BEGIN
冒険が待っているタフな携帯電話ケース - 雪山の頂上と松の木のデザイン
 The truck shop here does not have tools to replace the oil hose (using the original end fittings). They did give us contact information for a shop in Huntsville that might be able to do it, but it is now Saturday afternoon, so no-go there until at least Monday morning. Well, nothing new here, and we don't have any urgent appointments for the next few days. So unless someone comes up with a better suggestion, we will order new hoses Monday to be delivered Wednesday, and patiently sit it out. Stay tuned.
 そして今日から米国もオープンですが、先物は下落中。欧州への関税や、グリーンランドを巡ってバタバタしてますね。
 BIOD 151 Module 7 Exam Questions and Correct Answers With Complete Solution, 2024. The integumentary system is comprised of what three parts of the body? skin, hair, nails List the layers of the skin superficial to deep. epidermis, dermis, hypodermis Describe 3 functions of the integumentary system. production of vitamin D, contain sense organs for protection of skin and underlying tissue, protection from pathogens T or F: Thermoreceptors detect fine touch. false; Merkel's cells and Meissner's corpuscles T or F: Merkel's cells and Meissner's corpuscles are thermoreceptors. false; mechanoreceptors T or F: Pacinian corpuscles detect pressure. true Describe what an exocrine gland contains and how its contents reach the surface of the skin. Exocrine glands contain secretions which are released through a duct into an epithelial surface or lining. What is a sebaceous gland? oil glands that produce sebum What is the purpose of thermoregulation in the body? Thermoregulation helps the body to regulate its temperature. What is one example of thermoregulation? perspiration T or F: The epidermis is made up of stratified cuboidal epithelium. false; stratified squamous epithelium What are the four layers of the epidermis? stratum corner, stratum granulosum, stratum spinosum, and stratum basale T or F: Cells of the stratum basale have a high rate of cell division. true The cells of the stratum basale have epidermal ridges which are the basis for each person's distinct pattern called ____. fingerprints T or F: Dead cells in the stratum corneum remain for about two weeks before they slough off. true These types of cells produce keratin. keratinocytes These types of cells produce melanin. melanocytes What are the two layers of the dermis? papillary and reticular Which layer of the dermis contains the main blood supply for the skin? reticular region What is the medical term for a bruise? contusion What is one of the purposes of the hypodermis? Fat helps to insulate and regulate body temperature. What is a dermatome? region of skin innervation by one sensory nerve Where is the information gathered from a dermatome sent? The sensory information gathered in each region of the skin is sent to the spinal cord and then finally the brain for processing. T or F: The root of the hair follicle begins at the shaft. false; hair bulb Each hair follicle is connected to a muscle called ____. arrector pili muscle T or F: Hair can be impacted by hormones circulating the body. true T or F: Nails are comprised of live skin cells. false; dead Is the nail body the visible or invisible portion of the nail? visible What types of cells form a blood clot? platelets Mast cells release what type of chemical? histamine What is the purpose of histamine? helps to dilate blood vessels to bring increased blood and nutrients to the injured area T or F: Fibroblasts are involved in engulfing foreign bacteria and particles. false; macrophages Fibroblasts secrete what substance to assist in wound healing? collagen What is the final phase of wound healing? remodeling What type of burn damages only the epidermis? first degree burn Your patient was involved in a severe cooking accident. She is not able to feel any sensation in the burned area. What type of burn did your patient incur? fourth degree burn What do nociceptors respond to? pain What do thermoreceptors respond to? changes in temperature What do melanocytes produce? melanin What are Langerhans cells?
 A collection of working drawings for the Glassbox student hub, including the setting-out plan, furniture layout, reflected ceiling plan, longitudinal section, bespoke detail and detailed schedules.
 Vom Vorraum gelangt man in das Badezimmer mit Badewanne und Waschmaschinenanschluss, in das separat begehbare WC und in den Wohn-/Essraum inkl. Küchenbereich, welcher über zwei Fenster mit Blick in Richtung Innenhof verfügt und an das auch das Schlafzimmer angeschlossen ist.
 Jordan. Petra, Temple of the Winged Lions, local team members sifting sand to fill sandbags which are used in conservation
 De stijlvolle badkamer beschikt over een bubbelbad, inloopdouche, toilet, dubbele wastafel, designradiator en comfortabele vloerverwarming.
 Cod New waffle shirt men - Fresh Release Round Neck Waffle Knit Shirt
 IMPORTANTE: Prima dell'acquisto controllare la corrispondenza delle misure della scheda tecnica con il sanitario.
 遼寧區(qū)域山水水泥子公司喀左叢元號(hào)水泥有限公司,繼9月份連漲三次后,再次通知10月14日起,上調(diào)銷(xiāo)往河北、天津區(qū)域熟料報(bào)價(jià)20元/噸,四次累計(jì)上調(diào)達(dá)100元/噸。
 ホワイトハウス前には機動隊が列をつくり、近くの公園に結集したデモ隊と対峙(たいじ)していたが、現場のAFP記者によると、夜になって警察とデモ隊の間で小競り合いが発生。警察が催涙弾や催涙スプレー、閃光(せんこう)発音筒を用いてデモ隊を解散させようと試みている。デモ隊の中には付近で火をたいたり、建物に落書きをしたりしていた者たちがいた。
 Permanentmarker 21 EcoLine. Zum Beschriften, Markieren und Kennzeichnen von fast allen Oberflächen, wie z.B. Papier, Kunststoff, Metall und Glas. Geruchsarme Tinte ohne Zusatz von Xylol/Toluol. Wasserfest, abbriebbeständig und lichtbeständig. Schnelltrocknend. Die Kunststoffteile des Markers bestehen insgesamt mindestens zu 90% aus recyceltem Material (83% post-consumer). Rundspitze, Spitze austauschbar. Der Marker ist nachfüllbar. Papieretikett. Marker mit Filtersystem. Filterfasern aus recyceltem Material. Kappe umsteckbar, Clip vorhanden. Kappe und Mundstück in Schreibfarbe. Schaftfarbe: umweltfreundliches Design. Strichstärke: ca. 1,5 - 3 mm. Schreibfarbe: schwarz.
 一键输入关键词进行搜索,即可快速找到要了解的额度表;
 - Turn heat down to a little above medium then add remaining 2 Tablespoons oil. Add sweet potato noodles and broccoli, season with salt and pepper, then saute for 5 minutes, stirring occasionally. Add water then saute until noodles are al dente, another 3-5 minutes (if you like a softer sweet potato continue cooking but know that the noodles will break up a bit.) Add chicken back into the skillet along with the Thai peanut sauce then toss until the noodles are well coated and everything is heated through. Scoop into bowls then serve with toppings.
END
=== EXERCISE ===
The records above need to be transcribed in full. Keep every character unchanged.

=== TASK SOLUTION ===
冒険が待っているタフな携帯電話ケース - 雪山の頂上と松の木のデザイン
 The truck shop here does not have tools to replace the oil hose (using the original end fittings). They did give us contact information for a shop in Huntsville that might be able to do it, but it is now Saturday afternoon, so no-go there until at least Monday morning. Well, nothing new here, and we don't have any urgent appointments for the next few days. So unless someone comes up with a better suggestion, we will order new hoses Monday to be delivered Wednesday, and patiently sit it out. Stay tuned.
 そして今日から米国もオープンですが、先物は下落中。欧州への関税や、グリーンランドを巡ってバタバタしてますね。
 BIOD 151 Module 7 Exam Questions and Correct Answers With Complete Solution, 2024. The integumentary system is comprised of what three parts of the body? skin, hair, nails List the layers of the skin superficial to deep. epidermis, dermis, hypodermis Describe 3 functions of the integumentary system. production of vitamin D, contain sense organs for protection of skin and underlying tissue, protection from pathogens T or F: Thermoreceptors detect fine touch. false; Merkel's cells and Meissner's corpuscles T or F: Merkel's cells and Meissner's corpuscles are thermoreceptors. false; mechanoreceptors T or F: Pacinian corpuscles detect pressure. true Describe what an exocrine gland contains and how its contents reach the surface of the skin. Exocrine glands contain secretions which are released through a duct into an epithelial surface or lining. What is a sebaceous gland? oil glands that produce sebum What is the purpose of thermoregulation in the body? Thermoregulation helps the body to regulate its temperature. What is one example of thermoregulation? perspiration T or F: The epidermis is made up of stratified cuboidal epithelium. false; stratified squamous epithelium What are the four layers of the epidermis? stratum corner, stratum granulosum, stratum spinosum, and stratum basale T or F: Cells of the stratum basale have a high rate of cell division. true The cells of the stratum basale have epidermal ridges which are the basis for each person's distinct pattern called ____. fingerprints T or F: Dead cells in the stratum corneum remain for about two weeks before they slough off. true These types of cells produce keratin. keratinocytes These types of cells produce melanin. melanocytes What are the two layers of the dermis? papillary and reticular Which layer of the dermis contains the main blood supply for the skin? reticular region What is the medical term for a bruise? contusion What is one of the purposes of the hypodermis? Fat helps to insulate and regulate body temperature. What is a dermatome? region of skin innervation by one sensory nerve Where is the information gathered from a dermatome sent? The sensory information gathered in each region of the skin is sent to the spinal cord and then finally the brain for processing. T or F: The root of the hair follicle begins at the shaft. false; hair bulb Each hair follicle is connected to a muscle called ____. arrector pili muscle T or F: Hair can be impacted by hormones circulating the body. true T or F: Nails are comprised of live skin cells. false; dead Is the nail body the visible or invisible portion of the nail? visible What types of cells form a blood clot? platelets Mast cells release what type of chemical? histamine What is the purpose of histamine? helps to dilate blood vessels to bring increased blood and nutrients to the injured area T or F: Fibroblasts are involved in engulfing foreign bacteria and particles. false; macrophages Fibroblasts secrete what substance to assist in wound healing? collagen What is the final phase of wound healing? remodeling What type of burn damages only the epidermis? first degree burn Your patient was involved in a severe cooking accident. She is not able to feel any sensation in the burned area. What type of burn did your patient incur? fourth degree burn What do nociceptors respond to? pain What do thermoreceptors respond to? changes in temperature What do melanocytes produce? melanin What are Langerhans cells?
 A collection of working drawings for the Glassbox student hub, including the setting-out plan, furniture layout, reflected ceiling plan, longitudinal section, bespoke detail and detailed schedules.
 Vom Vorraum gelangt man in das Badezimmer mit Badewanne und Waschmaschinenanschluss, in das separat begehbare WC und in den Wohn-/Essraum inkl. Küchenbereich, welcher über zwei Fenster mit Blick in Richtung Innenhof verfügt und an das auch das Schlafzimmer angeschlossen ist.
 Jordan. Petra, Temple of the Winged Lions, local team members sifting sand to fill sandbags which are used in conservation
 De stijlvolle badkamer beschikt over een bubbelbad, inloopdouche, toilet, dubbele wastafel, designradiator en comfortabele vloerverwarming.
 Cod New waffle shirt men - Fresh Release Round Neck Waffle Knit Shirt
 IMPORTANTE: Prima dell'acquisto controllare la corrispondenza delle misure della scheda tecnica con il sanitario.
 遼寧區(qū)域山水水泥子公司喀左叢元號(hào)水泥有限公司,繼9月份連漲三次后,再次通知10月14日起,上調(diào)銷(xiāo)往河北、天津區(qū)域熟料報(bào)價(jià)20元/噸,四次累計(jì)上調(diào)達(dá)100元/噸。
 ホワイトハウス前には機動隊が列をつくり、近くの公園に結集したデモ隊と対峙(たいじ)していたが、現場のAFP記者によると、夜になって警察とデモ隊の間で小競り合いが発生。警察が催涙弾や催涙スプレー、閃光(せんこう)発音筒を用いてデモ隊を解散させようと試みている。デモ隊の中には付近で火をたいたり、建物に落書きをしたりしていた者たちがいた。
 Permanentmarker 21 EcoLine. Zum Beschriften, Markieren und Kennzeichnen von fast allen Oberflächen, wie z.B. Papier, Kunststoff, Metall und Glas. Geruchsarme Tinte ohne Zusatz von Xylol/Toluol. Wasserfest, abbriebbeständig und lichtbeständig. Schnelltrocknend. Die Kunststoffteile des Markers bestehen insgesamt mindestens zu 90% aus recyceltem Material (83% post-consumer). Rundspitze, Spitze austauschbar. Der Marker ist nachfüllbar. Papieretikett. Marker mit Filtersystem. Filterfasern aus recyceltem Material. Kappe umsteckbar, Clip vorhanden. Kappe und Mundstück in Schreibfarbe. Schaftfarbe: umweltfreundliches Design. Strichstärke: ca. 1,5 - 3 mm. Schreibfarbe: schwarz.
 一键输入关键词进行搜索,即可快速找到要了解的额度表;
 - Turn heat down to a little above medium then add remaining 2 Tablespoons oil. Add sweet potato noodles and broccoli, season with salt and pepper, then saute for 5 minutes, stirring occasionally. Add water then saute until noodles are al dente, another 3-5 minutes (if you like a softer sweet potato continue cooking but know that the noodles will break up a bit.) Add chicken back into the skillet along with the Thai peanut sauce then toss until the noodles are well coated and everything is heated through. Scoop into bowls then serve with toppings.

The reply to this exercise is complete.